■ **Saved entries**:
■ ■ ■

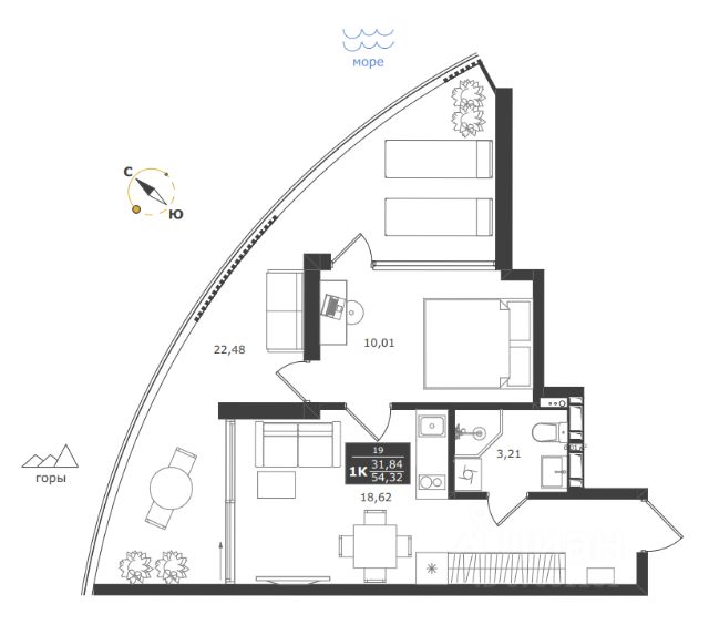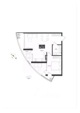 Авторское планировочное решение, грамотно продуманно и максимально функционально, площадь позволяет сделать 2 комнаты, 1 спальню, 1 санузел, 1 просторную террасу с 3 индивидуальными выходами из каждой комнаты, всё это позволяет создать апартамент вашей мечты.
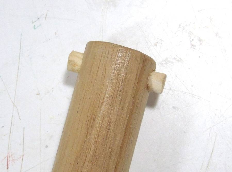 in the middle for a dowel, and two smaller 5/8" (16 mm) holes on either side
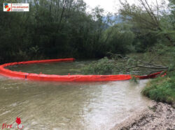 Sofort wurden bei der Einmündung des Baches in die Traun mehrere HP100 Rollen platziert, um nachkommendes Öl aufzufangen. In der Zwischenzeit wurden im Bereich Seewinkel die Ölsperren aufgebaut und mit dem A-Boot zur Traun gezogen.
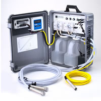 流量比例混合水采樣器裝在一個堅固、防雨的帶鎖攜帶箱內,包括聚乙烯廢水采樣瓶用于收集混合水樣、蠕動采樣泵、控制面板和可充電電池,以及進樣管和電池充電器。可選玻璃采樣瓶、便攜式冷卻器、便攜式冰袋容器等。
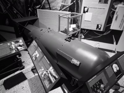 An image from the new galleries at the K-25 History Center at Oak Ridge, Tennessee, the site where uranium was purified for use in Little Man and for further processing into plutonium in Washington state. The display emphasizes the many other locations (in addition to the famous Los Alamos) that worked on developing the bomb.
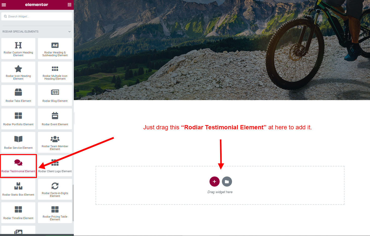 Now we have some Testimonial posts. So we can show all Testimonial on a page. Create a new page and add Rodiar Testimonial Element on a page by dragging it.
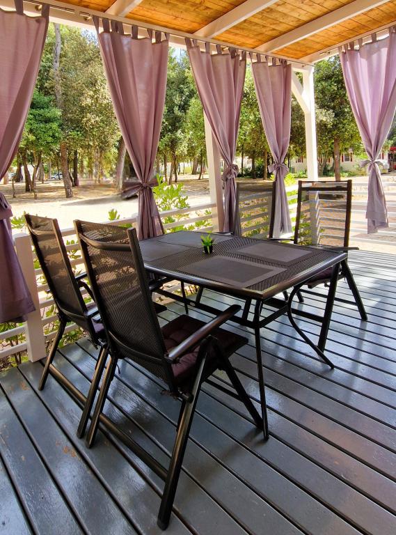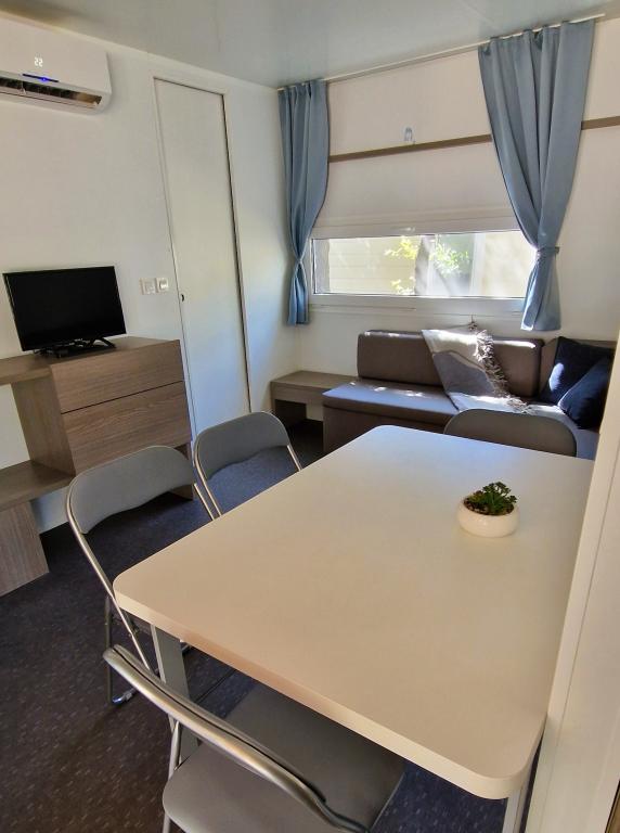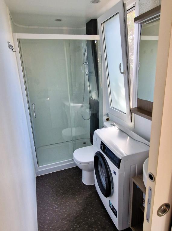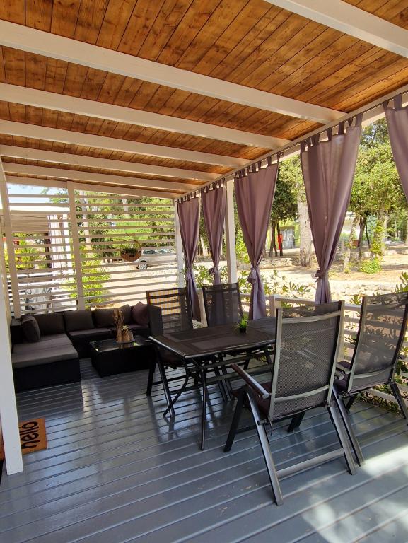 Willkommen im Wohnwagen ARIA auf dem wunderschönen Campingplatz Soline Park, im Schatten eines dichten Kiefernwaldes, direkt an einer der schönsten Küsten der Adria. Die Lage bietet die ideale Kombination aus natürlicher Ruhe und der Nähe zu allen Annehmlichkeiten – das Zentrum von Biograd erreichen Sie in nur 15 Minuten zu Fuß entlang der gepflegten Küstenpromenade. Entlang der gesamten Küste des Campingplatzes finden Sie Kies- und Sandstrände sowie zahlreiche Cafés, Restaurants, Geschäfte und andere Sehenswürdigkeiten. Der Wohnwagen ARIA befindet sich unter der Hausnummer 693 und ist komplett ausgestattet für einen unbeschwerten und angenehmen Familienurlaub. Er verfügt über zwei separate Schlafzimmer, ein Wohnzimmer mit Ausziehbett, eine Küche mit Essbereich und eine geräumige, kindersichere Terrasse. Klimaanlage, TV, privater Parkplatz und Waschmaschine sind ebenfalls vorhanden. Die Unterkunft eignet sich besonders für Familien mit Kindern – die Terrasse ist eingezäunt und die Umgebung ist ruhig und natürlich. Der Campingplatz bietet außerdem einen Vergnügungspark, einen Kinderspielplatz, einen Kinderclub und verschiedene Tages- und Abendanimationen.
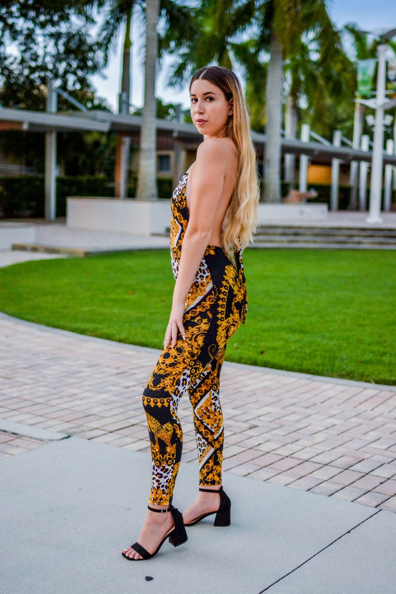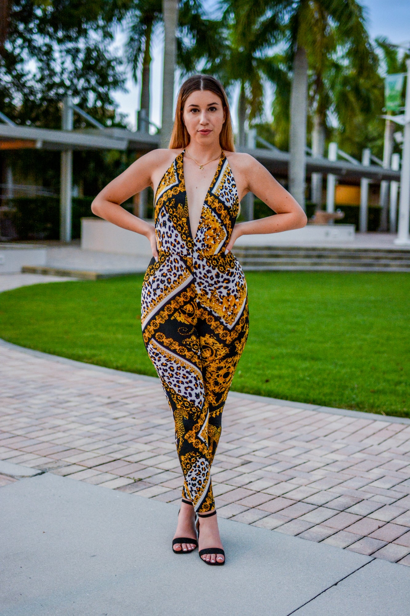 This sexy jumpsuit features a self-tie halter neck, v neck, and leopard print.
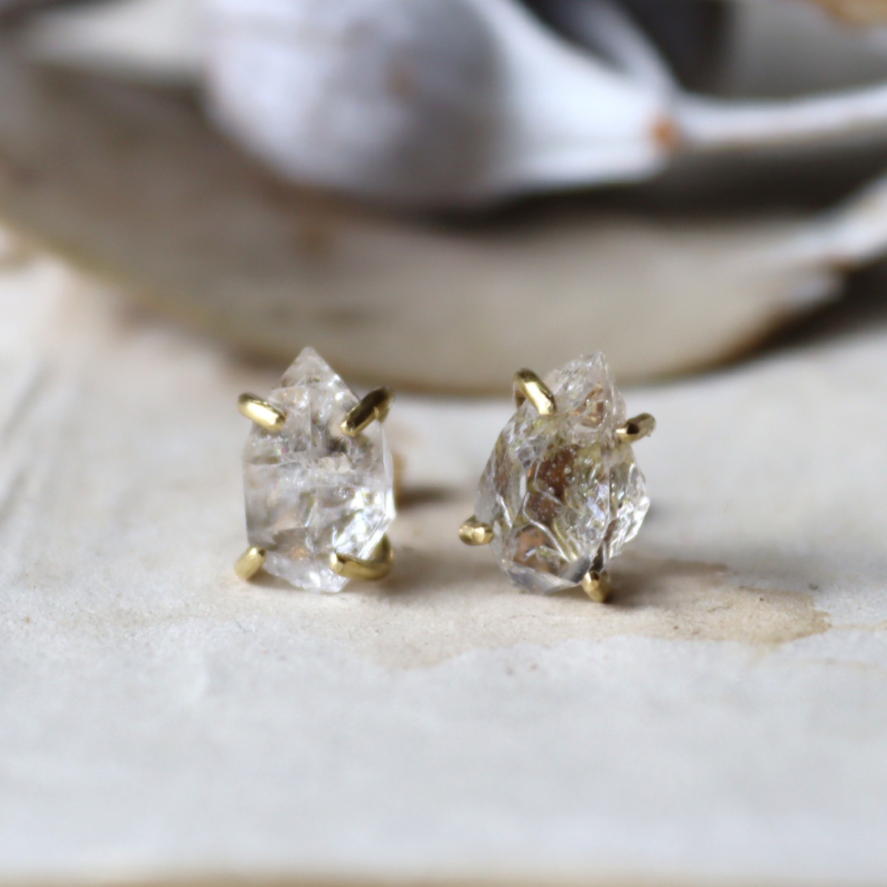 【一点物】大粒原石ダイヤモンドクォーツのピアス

■ ■ ■

■ **About this task**:
Pictures excluded, reproduce only the part above that opens with the line holding "流量比例混合水采樣器裝在一個" and closes with the line holding "Now we have", exactly as written.

■ **Answer to this problem**:
 流量比例混合水采樣器裝在一個堅固、防雨的帶鎖攜帶箱內,包括聚乙烯廢水采樣瓶用于收集混合水樣、蠕動采樣泵、控制面板和可充電電池,以及進樣管和電池充電器。可選玻璃采樣瓶、便攜式冷卻器、便攜式冰袋容器等。
 An image from the new galleries at the K-25 History Center at Oak Ridge, Tennessee, the site where uranium was purified for use in Little Man and for further processing into plutonium in Washington state. The display emphasizes the many other locations (in addition to the famous Los Alamos) that worked on developing the bomb.
 Now we have some Testimonial posts. So we can show all Testimonial on a page. Create a new page and add Rodiar Testimonial Element on a page by dragging it.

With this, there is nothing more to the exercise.